Неожиданно для себя Смагин расхохотался.
Лицо дашнака озарилось вдруг полудобродушной, полуозорной улыбкой. Он подошел к Смагину вплотную и, обдавая его душной смесью вина, пороха и металла, сказал с театральной напыщенностью:
— Если бы ты был трус, я бы тебя убил на месте. Но ты оказался храбрым. Даже сам хмбпет Шаварша тебя бы помиловал. Пойдем вниз и выпьем.
— А где же твоя золотая монета? Дашнак засмеялся:
— Да ну ее к черту! Я не из тех, которые теряют золото. Просто хотел тебя испытать. Подумал: как вывернется этот русский большевик из трудного положения?..

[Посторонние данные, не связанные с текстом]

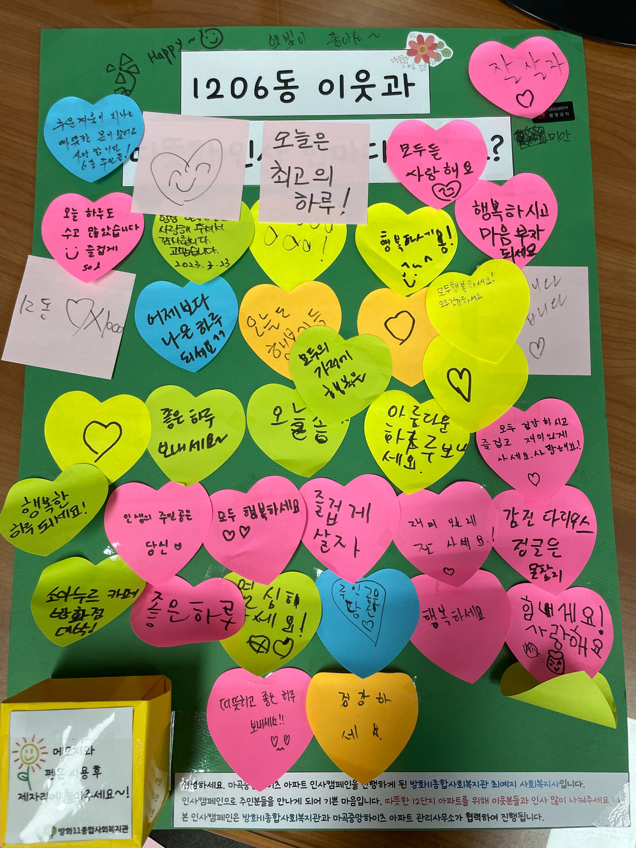- 주택(고시원)과 함께하는 인사캠페인 : 다양한 주제로 지역주민과 함께 가족, 친구, 이웃과 인사를 나누며 방화2동에 인사문화를 확산하는 사업, 4월~5월 진행

— Почему ты думаешь, что я большевик?
— Все русские — большевики, особенно приезжие. А ты ведь нездешний… Впрочем, мне на все наплевать. Сегодняшний день мой. Ты думаешь, я бандит? — пустился он в неожиданную откровенность. — Я бывший студент Санкт–Петербургского университета… Но, однако, пойдем вниз, выпьем.
— Мне не хочется пить и не хочется спускаться вниз. Ты же знаешь, что там творится.
Вопреки ожиданию, дашнак сразу с ним согласился.
— Да, действительно, внизу такой бардак, что не стоит спускаться. Знаешь, что мы сделаем? Я спущусь один и возьму бутылку коньяку, и мы ее разопьем у тебя в комнате.
— Но я совсем не пью, — запротестовал Смагин. — И потом, устал с дороги.
— Все мы в дороге, — не унимался дашнак, — и всех нас ждет один конец… Ну, я мигом. Может, тебе принести вина? Ты какое любишь?
— Я никакого вина не пью.
— Ну ладно…
Новый знакомый быстро вернулся с двумя бутылками в одной и стаканом в другой руке, поставил все это на стол и вытащил из карманов шаровар завернутую в клочок газеты закуску: хлеб, колбасу, сыр и два маринованных огурца.
Усевшись за стол, он налил себе полный стакан коньяку, а Смагину портвейна.
— Раз ты не хочешь коньяка, пей портвейн.
— Нет, — решительно сказал Смагин, — я не буду пить.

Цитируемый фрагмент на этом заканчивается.